Touching is believing: Each piece in Bunzan’s Ceramic Mimic Fabric pottery collection looks like it’s been made with cloth. |

That’s a wrap

Although Bunzan is an Arita-ware specialist, its winning lineup of Ceramic Mimic Fabric tableware and vases eschew the traditionally colorful and ornate porcelain styles for which Arita, in Saga Prefecture, is known. Instead, it offers contemporary monotone pieces that, at first glance, look like they are made of cloth.

Bunzan champions the unique characteristics of tebineri (hand-formed pottery).
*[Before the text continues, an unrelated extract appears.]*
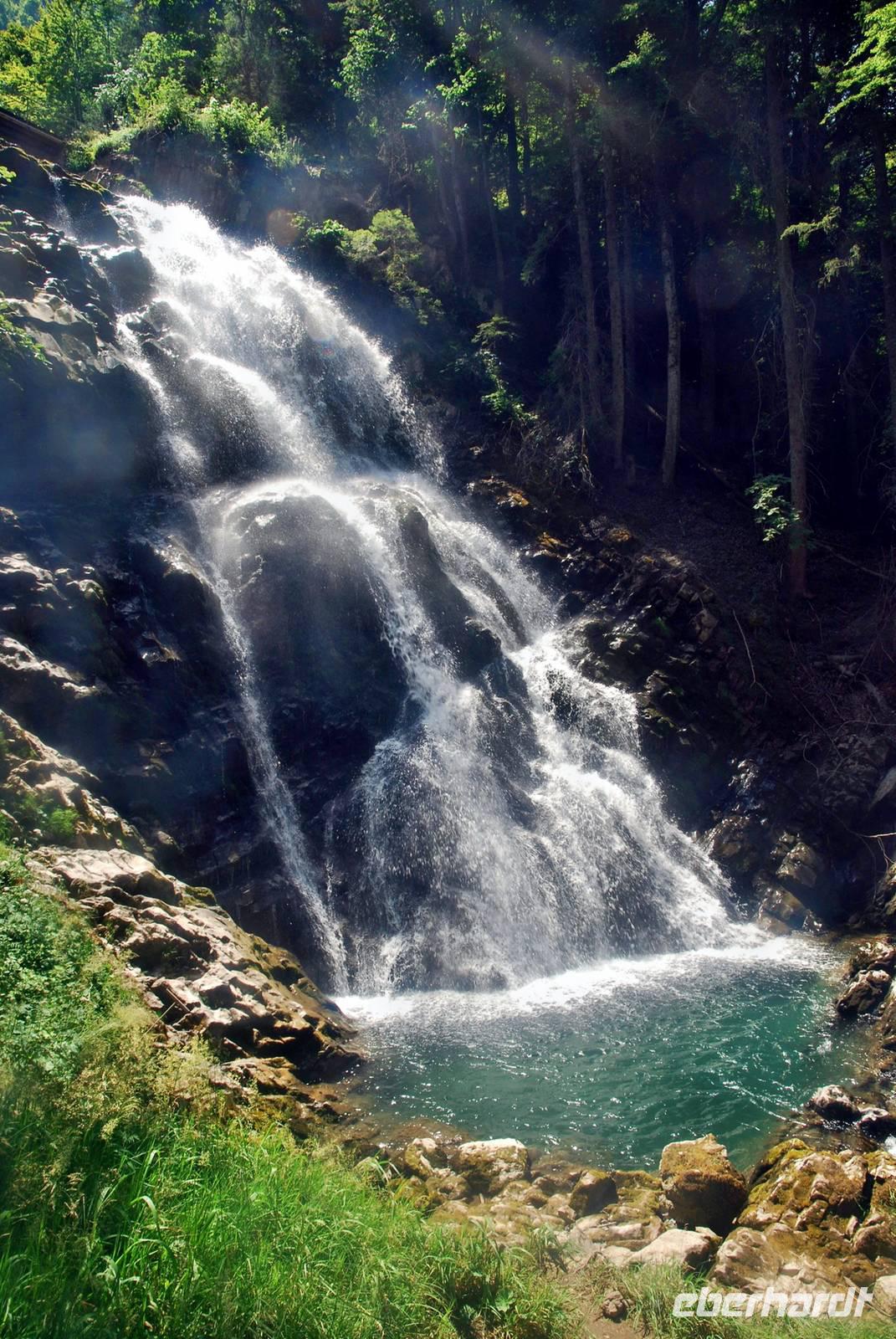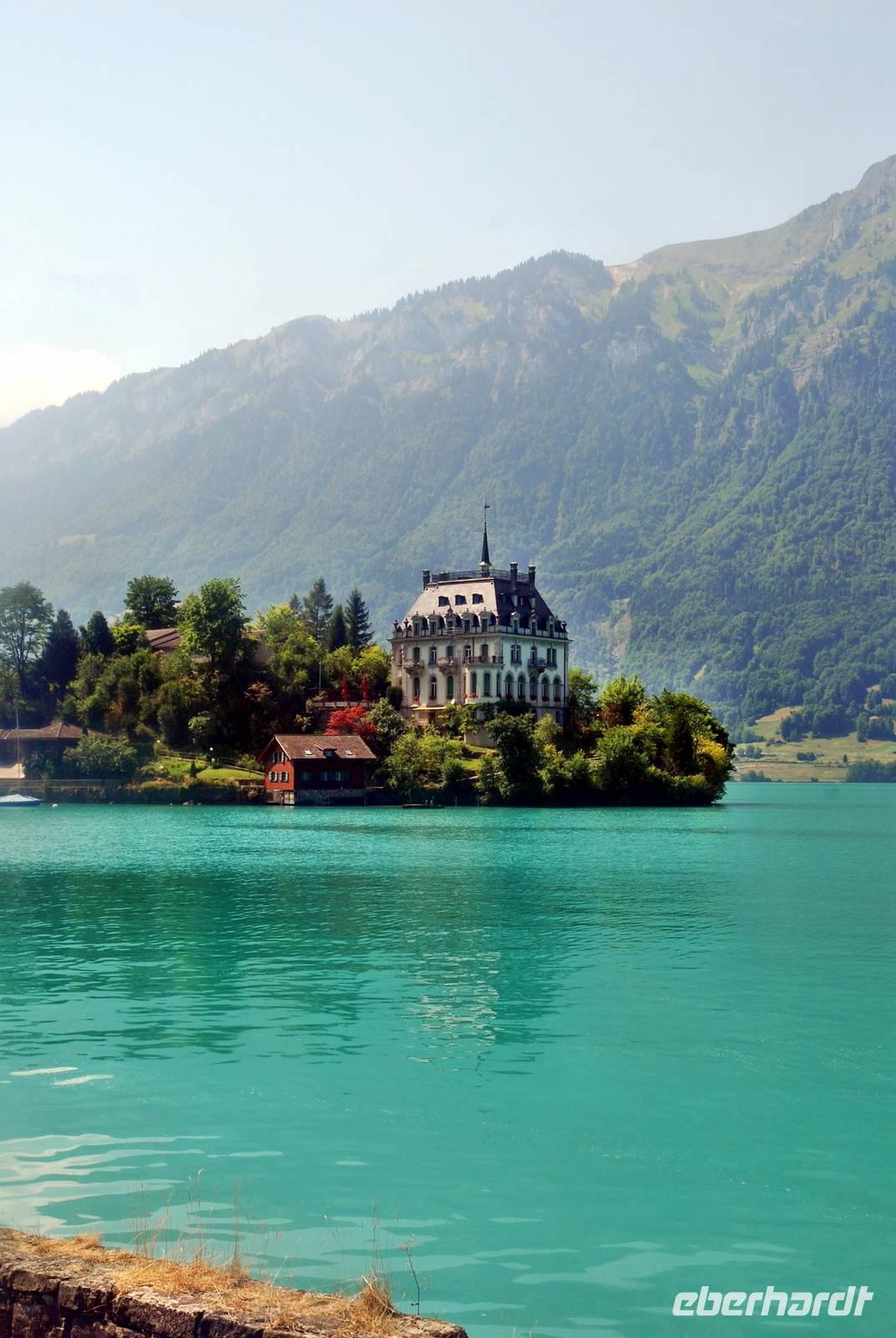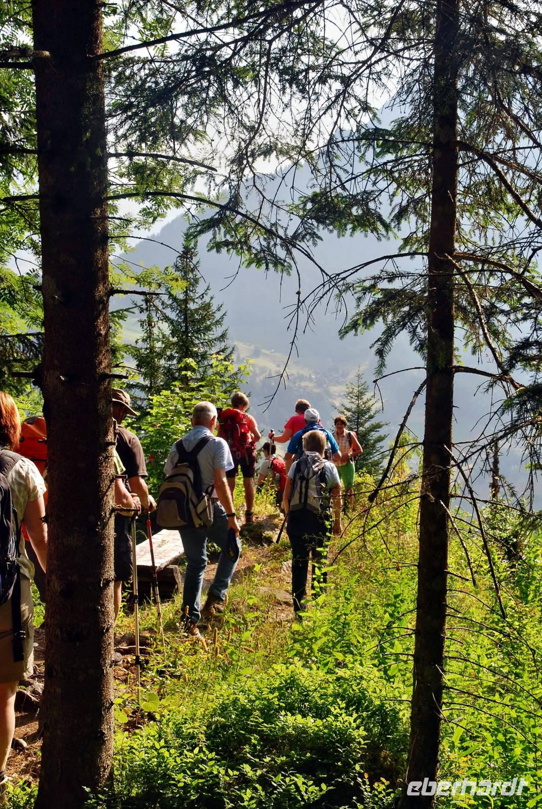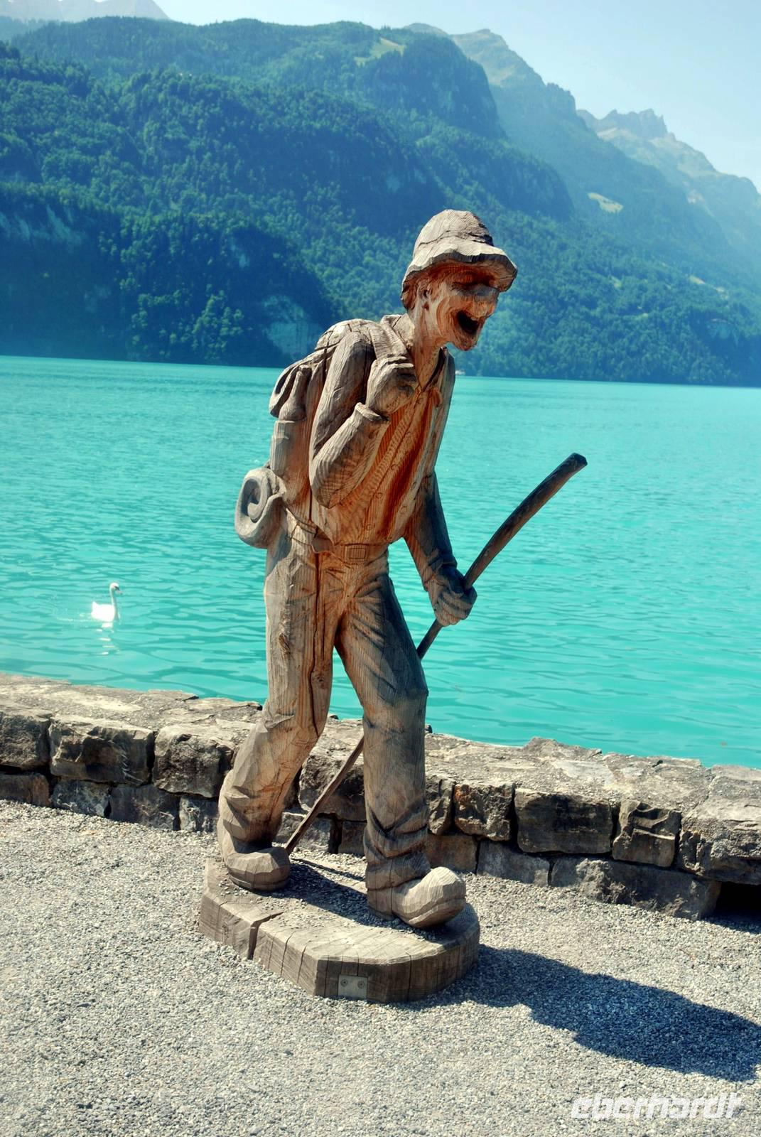 Gemeinsam mit der Rundreisegruppe, deren Ziel Luzern war, fuhren wir mit unserem Bus nach Brienz, dem Schnitzerdorf am Brienzer See. Nach dem Besuch des Holzbildhauerei-Museums besichtigten wir den alte Dorfteil von Brienz mit der legendären Brunngasse. Anschaulich erklärte uns Doris die Bauweise der alten Holzhäuser aus dem 18. Jahrhundert, an vielen Details wären wir sicherlich achtlos vorbei gegangen. Die Zeit bis zur Abfahrt des Dampfschiff "Lötschberg" verbrachten wir mit einem individuellen Dorfrundgang. Das Dampfschiff brachte uns quer über den türkisfarbenen Brienzer See nach Giessbach. Die Giessbachbahn, eine der ältesten Standseilbahnen Europas, brachte uns zum Hotel Giessbach. Das war nicht unser Ziel, sondern die naheliegenden Giessbachfälle. Ein imposanter Wasserfall, welcher sich in Kaskaden fast 500 Meter tief in den Brienzer See ergießt. Wir konnten der Zeit halber jedoch nur den Teil des Wasserfalls in Hotelnähe erkunden. Unser Weg führte uns weiter durch schattigen Wald entlang des Brienzer Sees in Richtung Iseltwald. Ein romantischer Uferweg, immer den türkisfarbenen See und das Brienzer Rothorn mit seiner Bergbahn im Blick, näherten wir uns Iseltwald. Vorher jedoch gab uns Doris eine weitere Kostprobe ihrer Vortagskunst mit der Geschichte der Sage um die „Iseltwalder Zwerge". Eine Ählichkeit mit unseren Heinzelmännchen war zu erkennen. Dann erreichten wir Iseltwald, um von dort mit dem Dampfschiff" Lötschberg" mit Halt in Ringgenberg und Börnigen nach Interlaken-Ost zu fahren. Eine herrliche Fahrt mit kühlenden Seewind. Die Schweizer Bahnen brachten uns wieder gut und pünktlich zurück nach Wengen.

Its Ceramic Mimic Fabric patterning technique, originally developed during the late Showa Era (1926-89), involves wrapping each work with a swath of linen and gently hand-pressing it into the clay to create an impression. It sounds like a simple process, but Bunzan’s execution of this on particularly thin porcelain produces a subtle diaphanous effect, and the textural details of the warp, weft and folds of the fabric bring a homespun warmth to the series’ overall minimalist aesthetic.

Ceramic Mimic Fabric tableware is priced from ¥3,300 for a small glass or plate to ¥16,500 for a gold-rimmed sake set; the vases, which include more decorative pique weave and lace versions, start at ¥2,860.